**Your objective:** Would you return exactly the lines from the top of the data below through the one containing "このコンバインは麦刈りと同じタイプで中型タイプ?", leaving out the pictures?

** Opening Entries provided block **

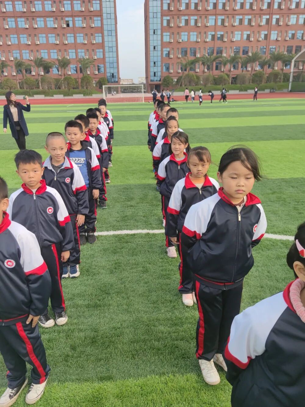 一、二、三年级的孩子们,在小学部蔡总教练响亮的口令指挥下,一个个小小的身影做着“向左转”、“向右转”、“立正”、“稍息”等动作,孩子们动作规范,表情严肃,俨然一个个神气的小战士。
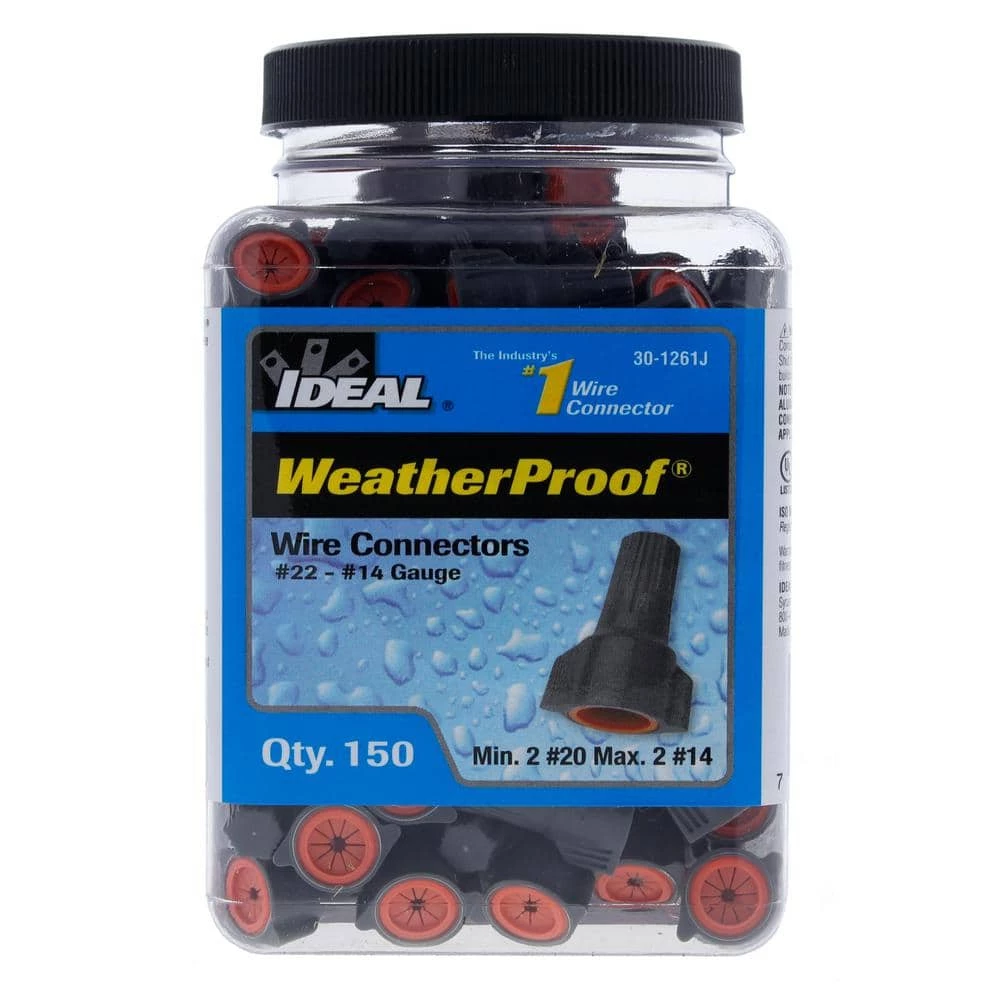 Designed specifically for above-grade, interior or exterior connections exposed to damp, wet or corrosive environments, WeatherProof Wire Connectors are the perfect twist-on solution for connections that require protection from the elements. The swept-wing design makes the connector easy and comfortable to apply, while the pre-filled, silicone-based sealant protects against moisture and corrosion, eliminating the need for heat-shrink or excessive taping. WeatherProof Wire Connectors feature tough, flame-retardant shells that withstand most rugged environmental extremes and are listed to UL 486D for use in damp or wet locations that are above ground.
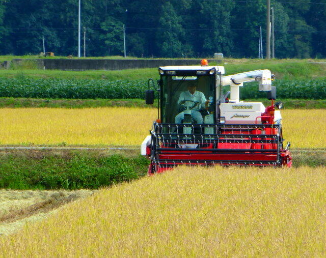 このコンバインは麦刈りと同じタイプで中型タイプ?
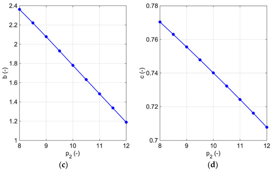 Another crystal plasticity parameter and its influence that was studied is the exponent of strain hardening, . It is changed in the range of 8–12 with steps of 0.5, and the results are shown in Figure 9 together with the fitted behavior using hardening parameters. As increases, stress during hardening of the material decreases, but the initial yield stress remains unchanged, and the hardening slope decreases to some extent. Figure 10 shows the trend of changes in identified hardening parameters with different . With an increase in , a and go up exponentially and like a quadratic function, respectively, but b and diminish linearly. By adopting different values of , in the Voce-type hardening law, a, c and will not vary drastically, as the yield limit was unaffected and the hardening rate did not change significantly compared to the change in other crystal plasticity parameters.
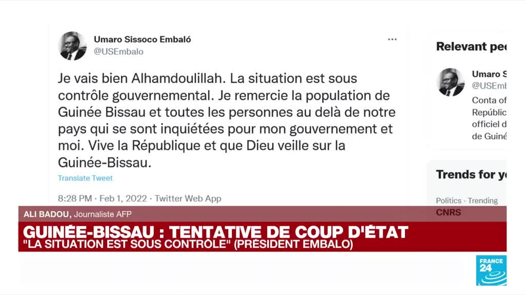 Tentative de coup d'État en Guinée-Bissau : "La situation est maintenant sous contrôle" information fournie par France 24 01/02/2022 à 21:49
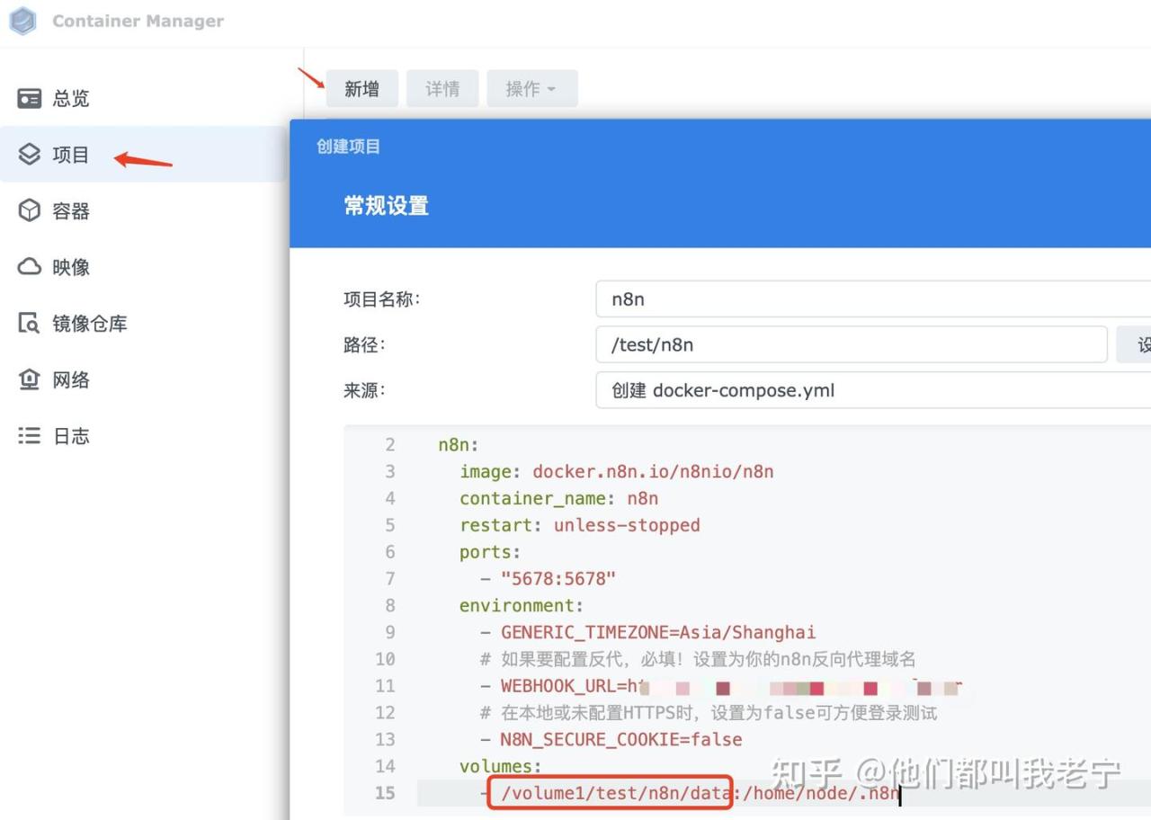 在群晖上部署 n8n 非常简单,老宁依然推荐使用 Docker-compose 的方式,方便管理和配置。
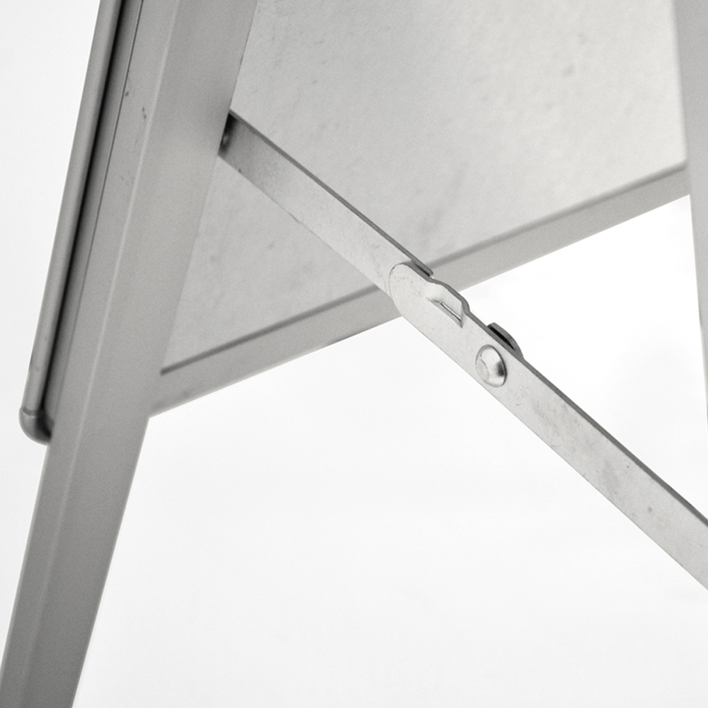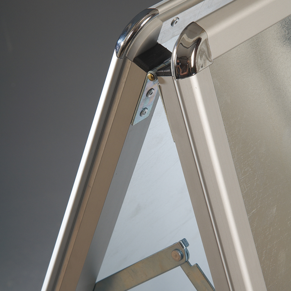 Pied à bascule : Ce stop-trottoir est fabriqué avec de l'aluminium anodisé de haute qualité. Il est facile de changer les affiches du cadre d'accrochage. Le tableau est robuste et possède deux ressorts. Le temps de montage de ce tableau est de 5 minutes.
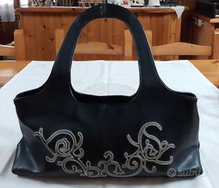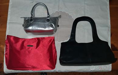 Di seconda mano in ottimo stato. per tutte tre assieme euro 20,00. anni 90/2000 - borsetta mini bag LONDON GLAM, color argento, mai usata ma presenta piccolo graffio nel fondo, taschina interna. larghezza cm25 - fondo cm20xcm8 - h.cm13, con manici cm25 circa. euro 9,00 - borsetta baguette nera in similpelle con ricami davanti in bianco, taschina interna con cerniera. larghezza cm36 - fondo cm39xcm9 - h.cm17, con manici cm38,5. euro 9,00 - pochette oppure beauty case della ZIPPO, in raso/satin rosso vivo, con cerniera sotto il risvolto, pieghe sul davanti e profilatura su tutto il bordo. larghezza sotto cm38, sopra cm34 - profondita' cm4 - h.cm25. euro 9,00 preferibile ritiro a mano, eventuale spedizione con corriere.
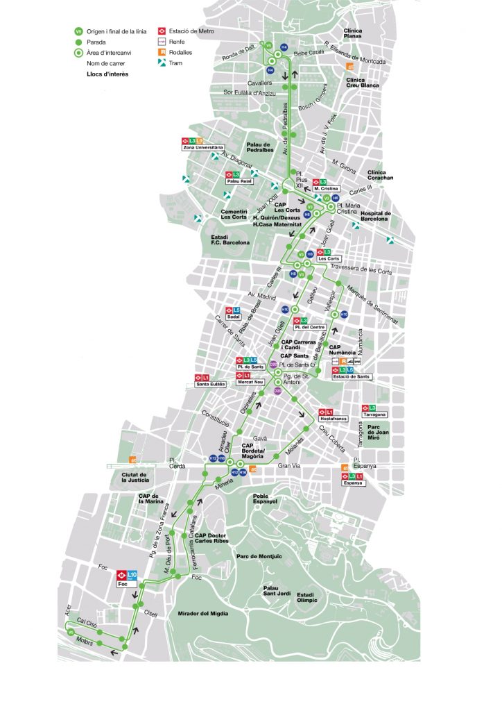La línea comenzará a bajar por el Passeig de la Zona Franca para conectarla con la L10 del metro hasta bajar al Carrer Motors donde tendrá su final de línea en el final de dicha calle incluyendo una parada en el Institut Mare de deu de la Merçè. En sentido Pedralbes, irá por Cal Cisó, volverá a subir por el Passeig de la Zona Franca hasta Foc y recuperará su recorrido original.
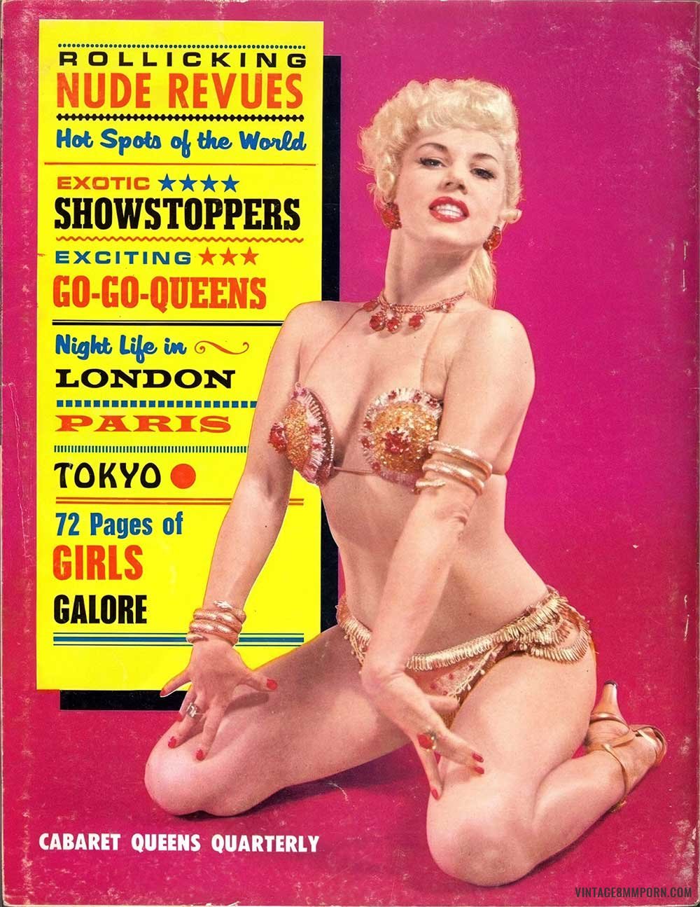 ROLLICKING NUDE REVUES! Hot Spots of the World! EXOTIC SHOWSTOPPERS ★★ EXCITING GO-GO-QUEENS! Night Life in LONDON, PARIS, TOKYO! CABARET Queens QUARTERLY, WINTER 1966! DEC. 1966! Incomplete.

** Closing Entries provided block **

**Reply:**
 一、二、三年级的孩子们,在小学部蔡总教练响亮的口令指挥下,一个个小小的身影做着“向左转”、“向右转”、“立正”、“稍息”等动作,孩子们动作规范,表情严肃,俨然一个个神气的小战士。
 Designed specifically for above-grade, interior or exterior connections exposed to damp, wet or corrosive environments, WeatherProof Wire Connectors are the perfect twist-on solution for connections that require protection from the elements. The swept-wing design makes the connector easy and comfortable to apply, while the pre-filled, silicone-based sealant protects against moisture and corrosion, eliminating the need for heat-shrink or excessive taping. WeatherProof Wire Connectors feature tough, flame-retardant shells that withstand most rugged environmental extremes and are listed to UL 486D for use in damp or wet locations that are above ground.
 このコンバインは麦刈りと同じタイプで中型タイプ?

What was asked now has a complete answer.